DATA_README.txt

************************************************************
*** folder 'joints':
This folder contains the HRNet extracted joints of each person of each clip on the Volleyball dataset. 
The folder structure after unzip is:
- video_id
  - clip_id.pickle
  
>>> import pickle
>>> with open('13286.pickle', 'rb') as f:
...     data = pickle.load(f)
... 
>>> type(data)
<class 'dict'>
>>> len(data)
20
>>> data.keys()
dict_keys([13276, 13277, 13278, 13279, 13280, 13281, 13282, 13283, 13284, 13285, 13286, 13287, 13288, 13289, 13290, 13291, 13292, 13293, 13294, 13295])
>>> type(data[13286])
<class 'numpy.ndarray'>
>>> data[13276].shape
(12, 17, 3)
Here, 12 indicates the number of persons per clip in Volleyball.
17 is the number of joints per person.
The last 3 dims are: [x_coord, y_coord, joint_type_class_id].
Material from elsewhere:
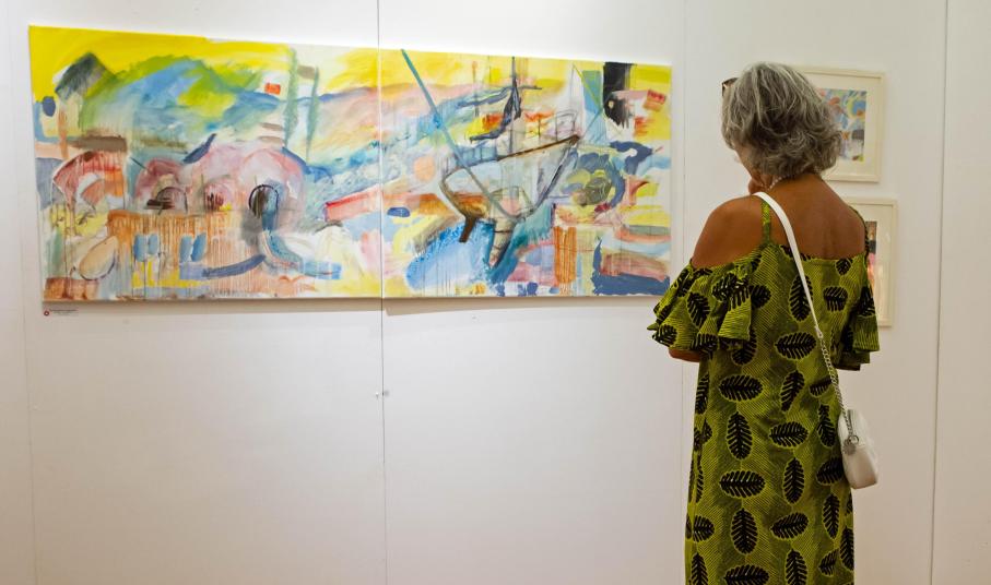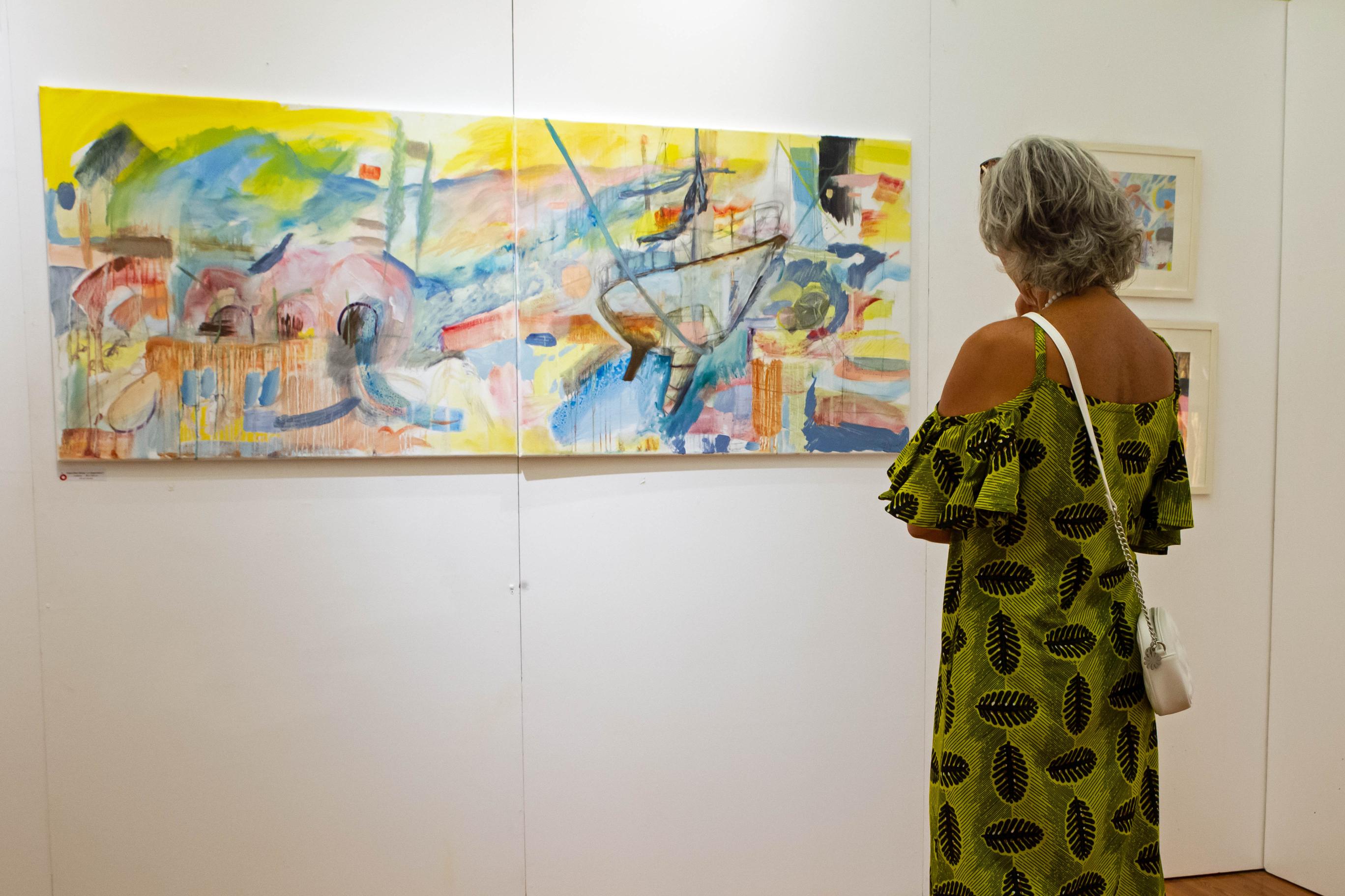 Following a well-attended opening night last evening - 03/09/22, the exhibition, entitled Land-Mark, of paintings by locally resident artist Janet Flynn, contiinues from 14.00-20.00, daily until 15th September at Tsiporina Mansion in Poseidonia. The vibrant paintings portray the artist's impression of the influence of people, technology and innovation on the beautiful landscape of Syros. Aegean light and colour sparkle from more than sixty works of art.
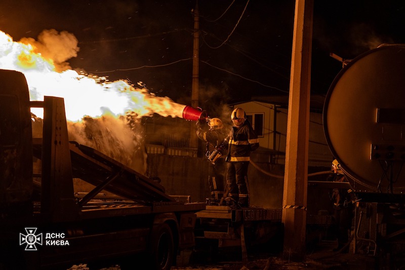 У Дарницькому районі атака спричинила руйнування та займання незаселеної житлової багатоповерхівки. Пожежу ліквідували. У Солом’янському районі пошкоджена офісна будівля.

The mapping between joint type and joint class id is:
COCO_KEYPOINT_INDEXES = {
    'nose': 0,
    'left_eye': 1,
    'right_eye': 2,
    'left_ear': 3,
    'right_ear': 4,
    'left_shoulder': 5,
    'right_shoulder': 6,
    'left_elbow': 7,
    'right_elbow': 8,
    'left_wrist': 9,
    'right_wrist': 10,
    'left_hip': 11,
    'right_hip': 12,
    'left_knee': 13,
    'right_knee': 14,
    'left_ankle': 15,
    'right_ankle': 16
}


************************************************************
*** file 'tracks_normalized.pkl' & file 'tracks_normalized_with_person_action_label.pkl':

>>> import pickle
>>> with open('tracks_normalized.pkl', 'rb') as f:
...     tracks = pickle.load(f)
... 
>>> with open('tracks_normalized_with_person_action_label.pkl', 'rb') as f:
...     actions = pickle.load(f)
... 

tracks[(8, 29165)][29166] is a numpy array in shape (N, 4) representing the bounding boxes of the N persons in the video 8 clip 29165 frame 29166 (in Volleyball N is 12).
actions[(8, 29165)][29166] is a numpy array in shape (N, 1) representing the action IDs of the N persons in the video 8 clip 29165 frame 29166.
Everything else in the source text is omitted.